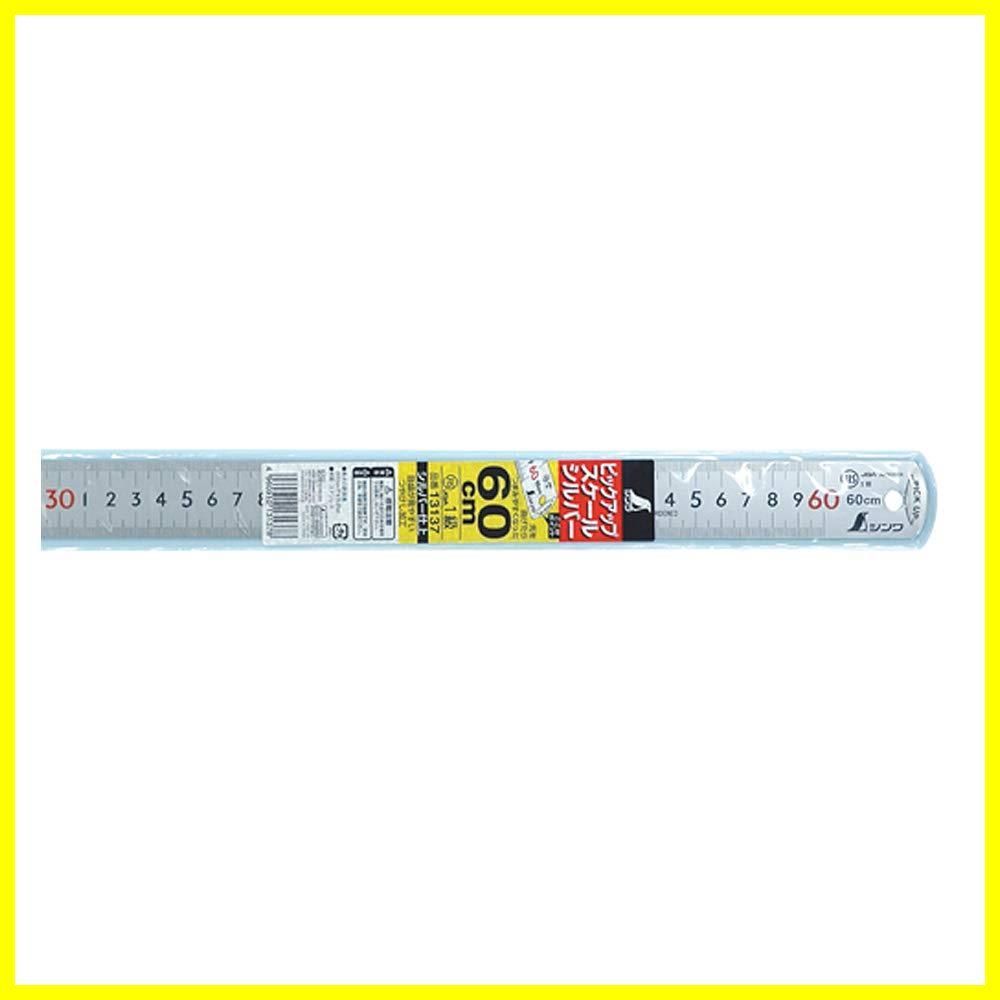 シンワ測定Shinwa Sokutei) ピックアップ スケール シルバー cm表示 上下段 1mmピッチ 60cm JIS1級 赤数字入 13137
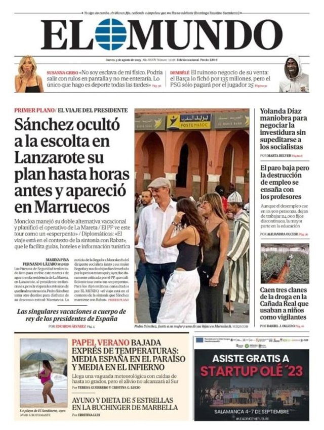 EL MUNDO: "Sánchez ocultó a la escolta en Lanzarote su plan hasta horas antes y apareció en Marruecos"; "Yolanda Díaz maniobra para negociar la investidura sin supeditarse a los socialistas"; "El paro baja pero la destrucción de empleo se ensaña con los profesores"; "Caen tres clanes de la droga en la Cañada Real que usaban a niños como vigilantes".
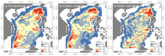Figure 8 shows the trajectory density of all (a), complex (b), and simple eddy processes (c) in the SCS, respectively. There was no significant difference between the trajectory distribution of all and complex processes, with higher density in the southwest of Taiwan and northwest of Luzon, west of Mindoro, and east and south of Vietnam. The trajectories of simple processes also concentrated in the southwest of Taiwan and northwest of Luzon. However, more trajectories of simple processes were found across an extensive region in the southwestern SCS.
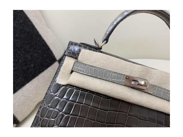 • Hermès Kelly 25 Shiny Niloticus Crocodile 88 Graphite with Etoupe – Palladium Hardware
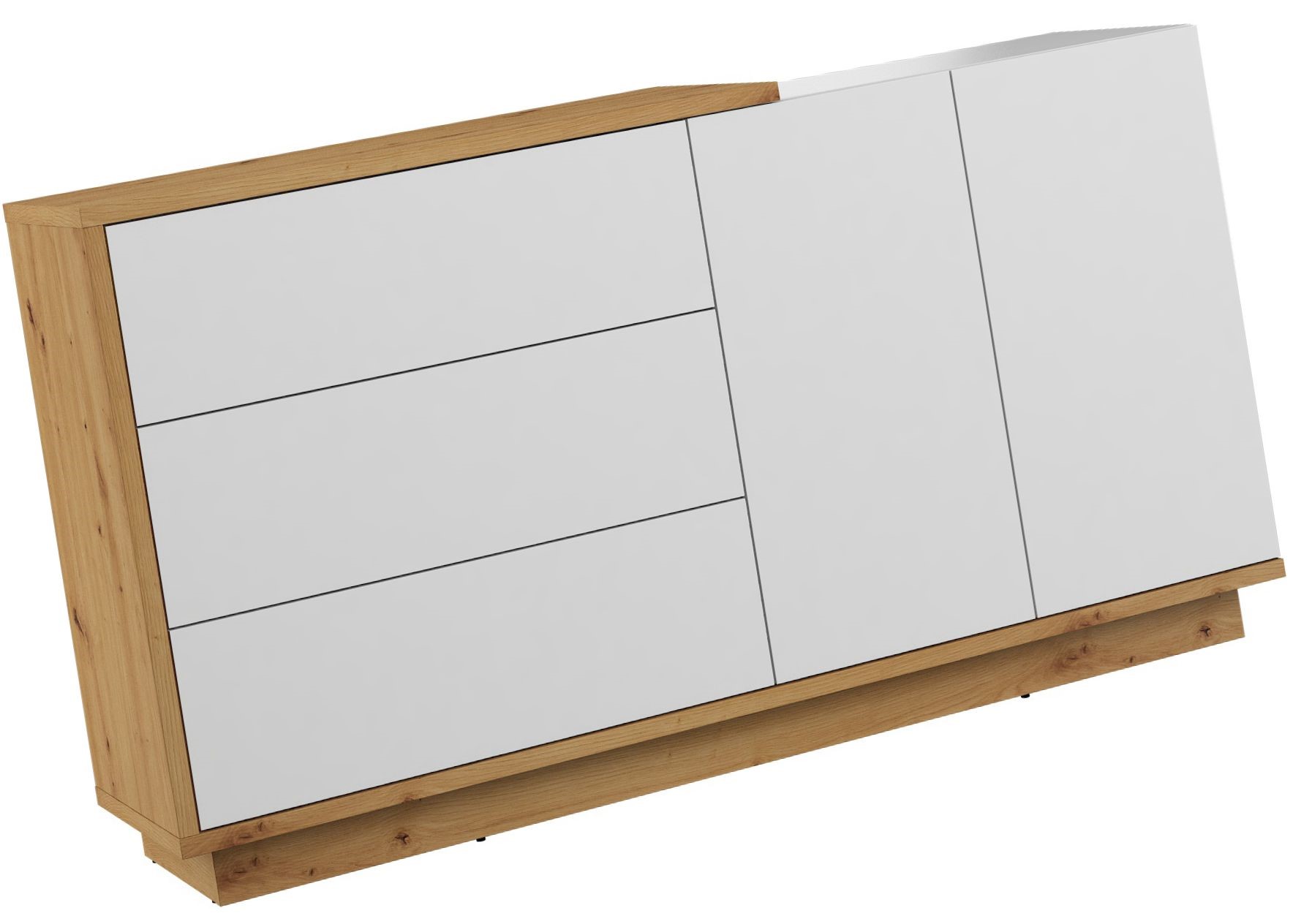 BRITA 07 baldų didelė komoda su durelėmis, ąžuolo dirbiniai, balta blizgi spalva
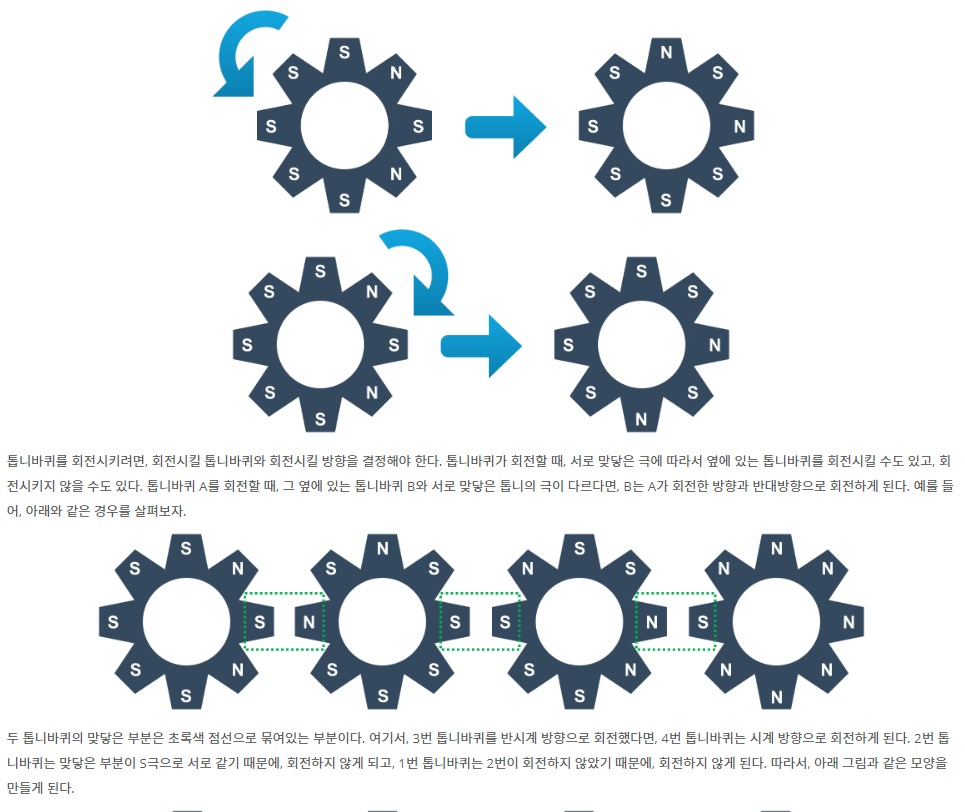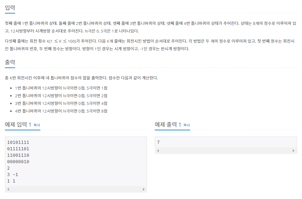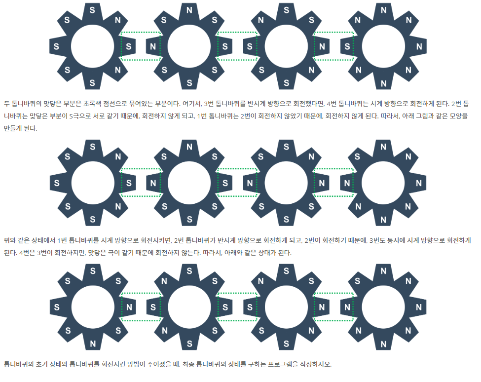 단순 구현 문제이기 때문에 문제에 주어진 조건그대로를 수행하게 된다면 풀 수 있는 문제이다. 하나의 톱니바퀴가 돈다면 양쪽으로 끝지점 까지 영향을 끼칠 수 있으므로 left함수와 right함수를 만들어서 양 끝 인덱스 까지 재귀를 하는 방식으로 구현하였다.
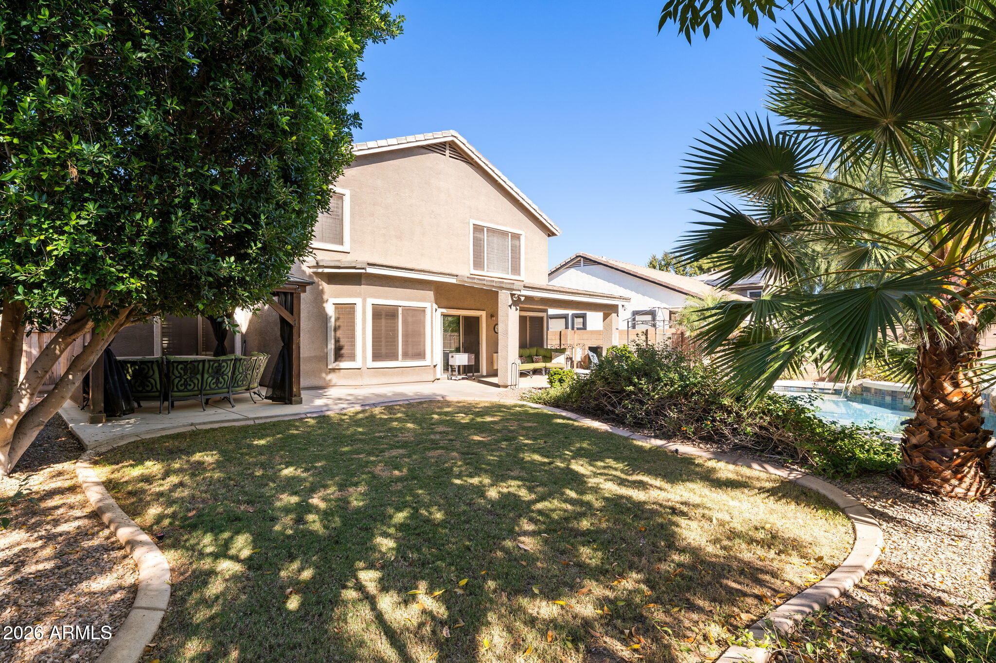 Step into the backyard oasis complete with a pool, a pergola-covered spa area, and a pump motor replaced approximately three years ago. (Spa will convey with a full-price offer.) Major systems have been updated for peace of mind, including dual AC units (2022) and a gas water heater (2022).

____________________

- [ACTIVITY]: Beginning with the line that contains "단순 구현 문제이기 때문에" and ending with the last line of the entries above, repeat each line exactly, but not the pictures.

- [SOLUTION]:
 단순 구현 문제이기 때문에 문제에 주어진 조건그대로를 수행하게 된다면 풀 수 있는 문제이다. 하나의 톱니바퀴가 돈다면 양쪽으로 끝지점 까지 영향을 끼칠 수 있으므로 left함수와 right함수를 만들어서 양 끝 인덱스 까지 재귀를 하는 방식으로 구현하였다.
 Step into the backyard oasis complete with a pool, a pergola-covered spa area, and a pump motor replaced approximately three years ago. (Spa will convey with a full-price offer.) Major systems have been updated for peace of mind, including dual AC units (2022) and a gas water heater (2022).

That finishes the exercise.